In summary, the invention provides: an engine Rotary system, which is a rotating device with an has drive shaft that is operated manually with the flywheel of an engine can engage the engine crank wave to rotate. An electric motor is on drive shaft of the rotating device coupled and rotates the Drive shaft incrementally responsive to forward and Reverse signals. A controller provides the forward and reverse signals in response to a manual on given by an operator. The controls are around the engine portable around so that the operator can put the crankshaft in can move forward or backward incrementally while moving the Crankshaft rotation observed, away from the Rotating device. A reduction gear box is between coupled to the motor and the rotating device to the An to reduce drive shaft speed from engine speed and also a torque multiplication between the Engine and drive shaft.
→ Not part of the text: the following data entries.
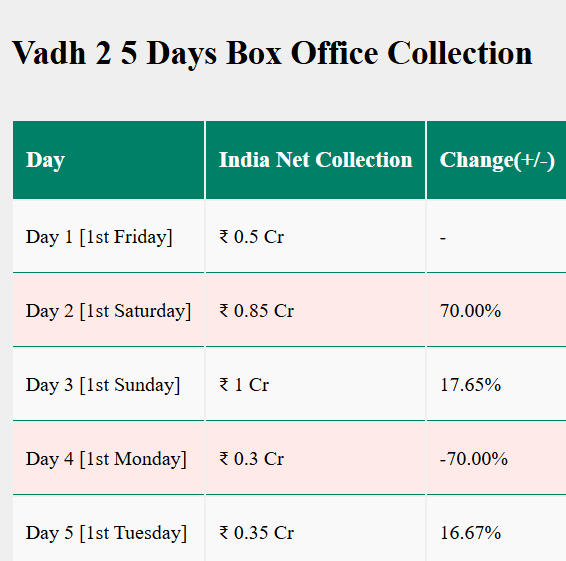 फिल्म की टीम को अब आने वाले वीकेंड से उम्मीद है.अगर शनिवार और रविवार को दर्शकों की संख्या बढ़ती है, तो कलेक्शन में सुधार देखने को मिल सकता है. फिलहाल ‘वध 2’ का सफर स्थिर लेकिन धीमी चाल से आगे बढ़ रहा है.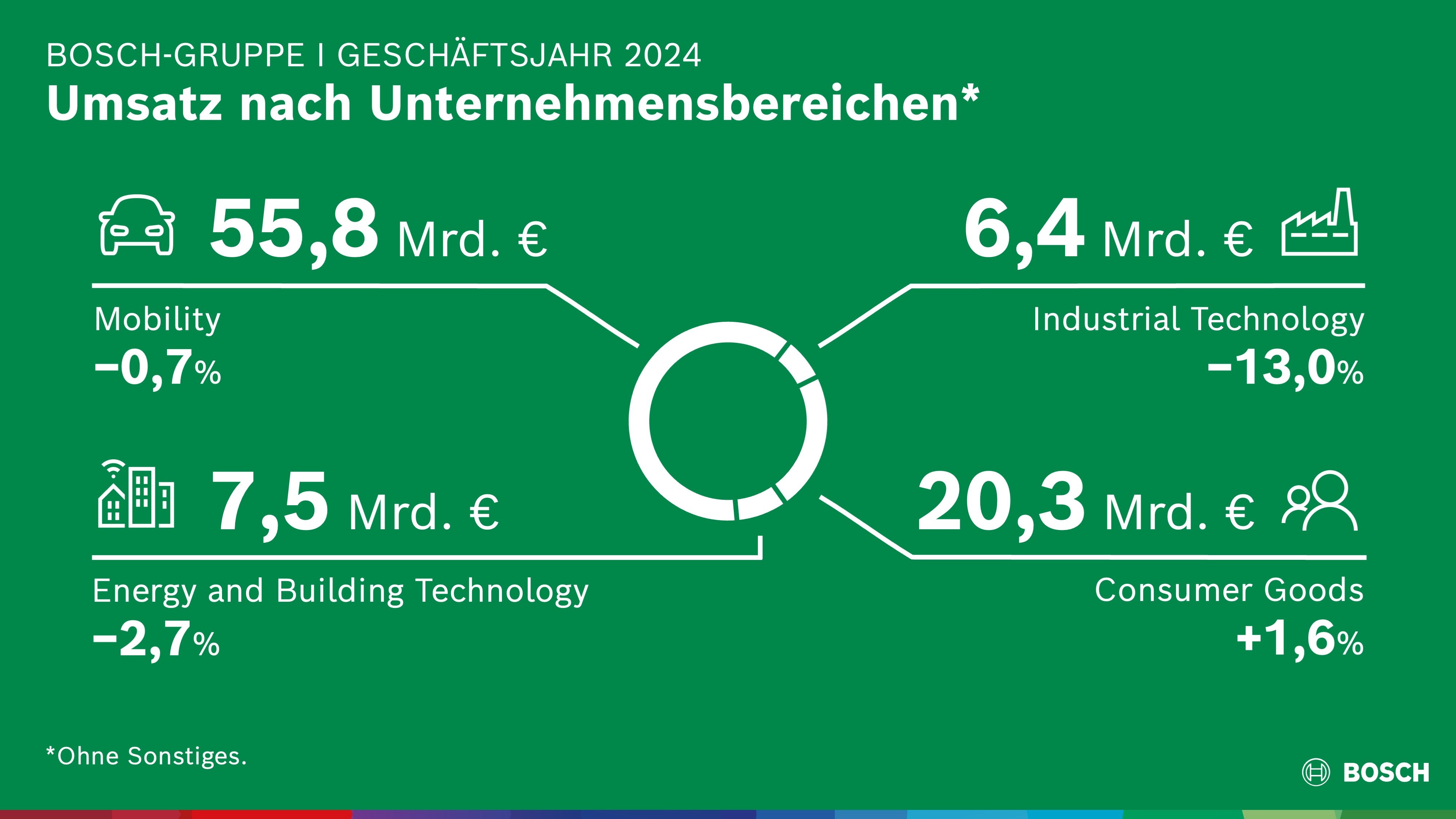 Die Bosch-Gruppe setzt ihre ambitionierte Strategie 2030 zur Stärkung der Wettbewerbsposition fort, auch wenn das Marktumfeld das Wachstum im vergangenen Jahr deutlich bremste: Mit 90,3 Milliarden Euro erwirtschaftete das Technologie- und Dienstleistungsunternehmen 2024 1,4 Prozent weniger Umsatz als im Vorjahr. Im Unternehmensbereich Mobility lag der Umsatz mit 55,8 Milliarden Euro um 0,7 Prozent unter dem Vorjahreswert. Der Unternehmensbereich Industrial Technology erzielte Erlöse von 6,4 Milliarden Euro. Das ist ein Minus von 13,0 Prozent. Der Unternehmensbereich Consumer Goods konnte seinen Umsatz um 1,6 Prozent auf 20,3 Milliarden Euro steigern. Im Unternehmensbereich Energy and Building Technology fiel der Umsatz mit 7,5 Milliarden Euro um 2,7 Prozent geringer aus als im Vorjahr.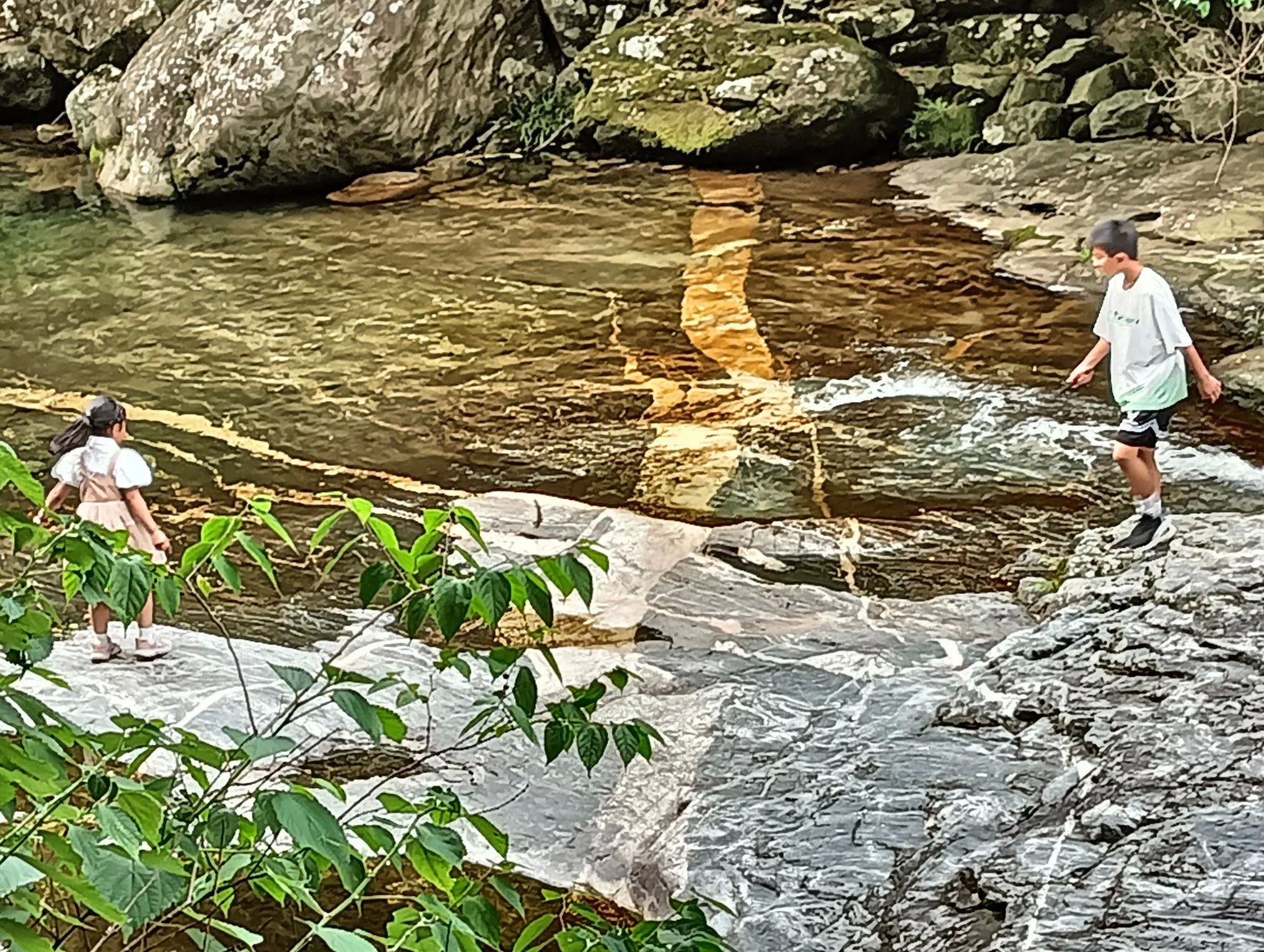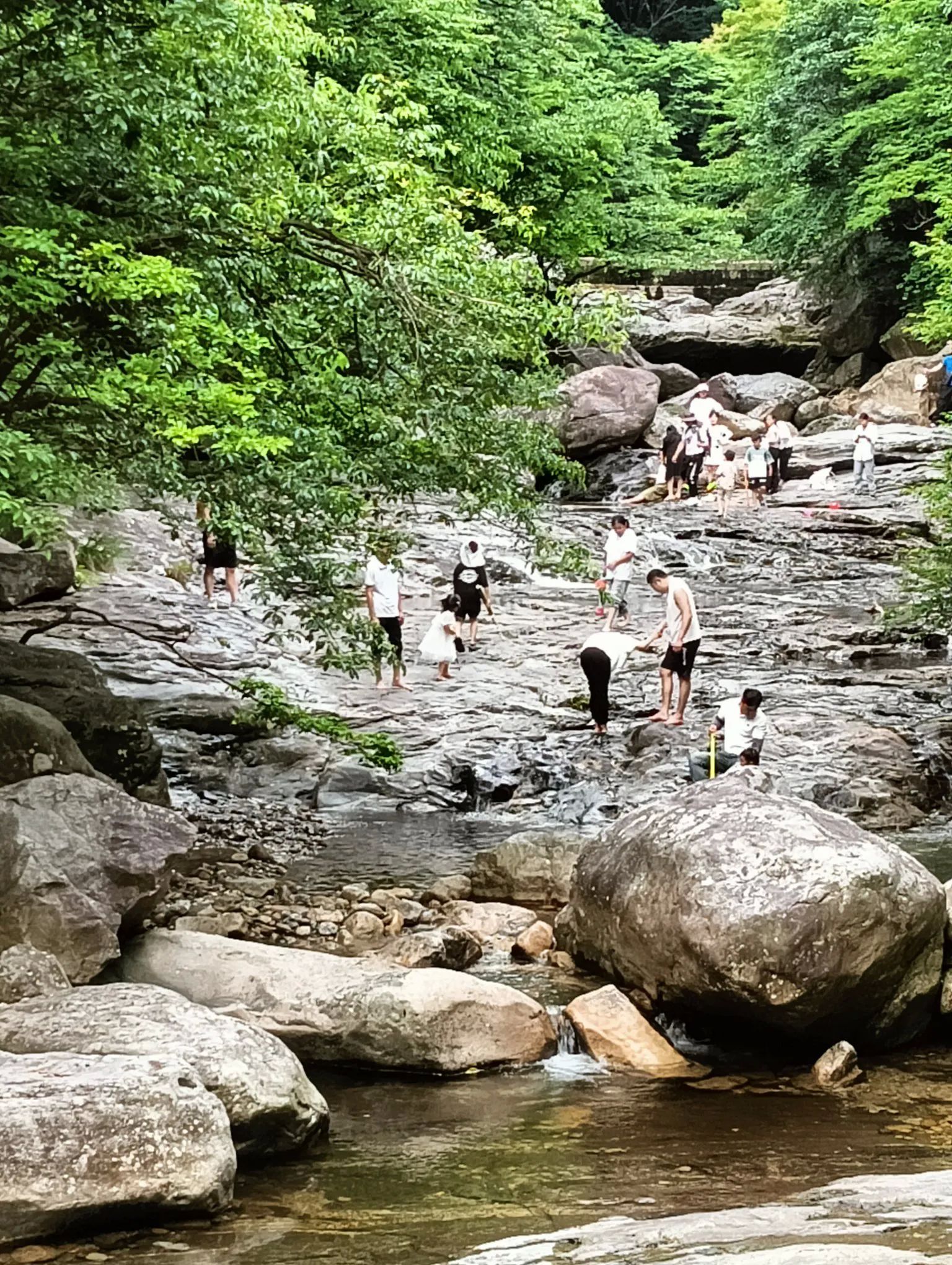 图4、一个小岔溪中,因近期雨少水而小,游人们带着孩子在乱石滩中踩水玩耍。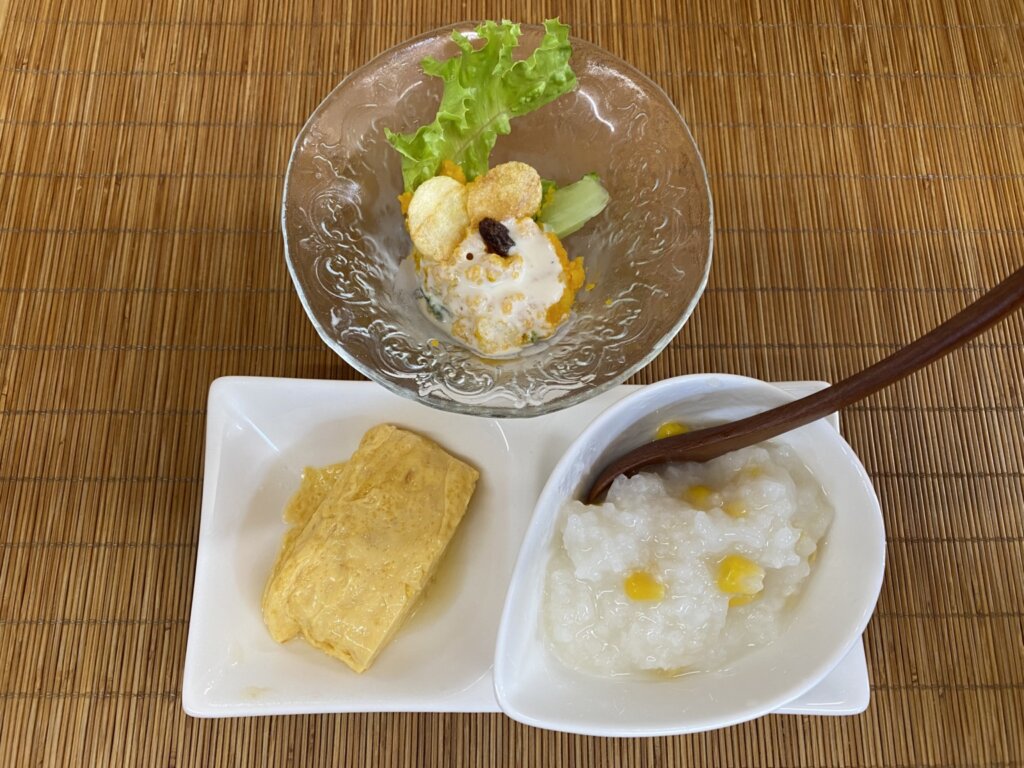 今回のメニューは「かぼちゃとじゃがいものサラダ・白酢ドレッシング」「玉蜀黍の冷し粥」、そしていつもの「皆大好きな大将の出汁巻き玉子」です。

The torque multiplication serves as an effective interlock to prevent movement of the crankshaft when the Rotating device is engaged.

Claims (11)

1. Motor rotation system, which has the following:
Housing capable of being attached to an engine;
a drive shaft movably disposed within the housing, the drive shaft being manually movable between an engaged position and a non-engaged position for selectively engaging the drive train or row of engines of the engine during engine maintenance;
a motor coupled to the drive shaft, the motor being capable of incrementally rotating the drive shaft; and
a controller that is remote from the motor where the controller is capable of actuating the motor to rotate the drive shaft. 2. The engine rotation system of claim 1, wherein:
the motor is an electric motor, the electric motor incrementally rotating the drive shaft at a first speed or speed in response to a first electronic signal; and
the controller providing the first signal in response to a first manual input by an operator. 3. Motor rotation system according to one of the preceding claims, in which:
the electric motor rotates the drive shaft at a second reverse speed or speed in response to a second electronic signal; and
wherein the controller provides the second electronic signal in response to a second manual operator input. 4. Motor rotation system according to one of the preceding An say, the system further comprising a Reduction gear box or a reduction gear Drive box that is between the engine and the Drive shaft is coupled. 5. Motor rotation system according to claim 4, wherein the reducer gearbox has the following: a first gear, that is coupled to the drive shaft and a second gear, which is coupled to the motor, the axis of the first gearwheel with a 90 ° Angle with respect to the axis of the second gear is arranged. 6. Motor rotation system according to one of the preceding An The system further comprises a first clutch has between the engine and the reducer gear box is coupled. 7. Motor rotation system according to one of the preceding claims, wherein the system further comprises:
a power input coupled between the engine and the first clutch; and
a second clutch coupled between the engine and the power input. 8. The engine rotation system of claim 7, wherein the first Clutch and the second clutch dog clutches are. 9. Engine rotation system according to claim 7 or 8, wherein the first clutch and the second clutch from one Elastomeric material are built up. 10. Motor rotation system according to one of the preceding Claims, the system further comprising a manual  Has drive input that matches the power input is coupled. 11. Motor rotation system according to one of the preceding Claims, wherein the power input is a Ke gelradbox is.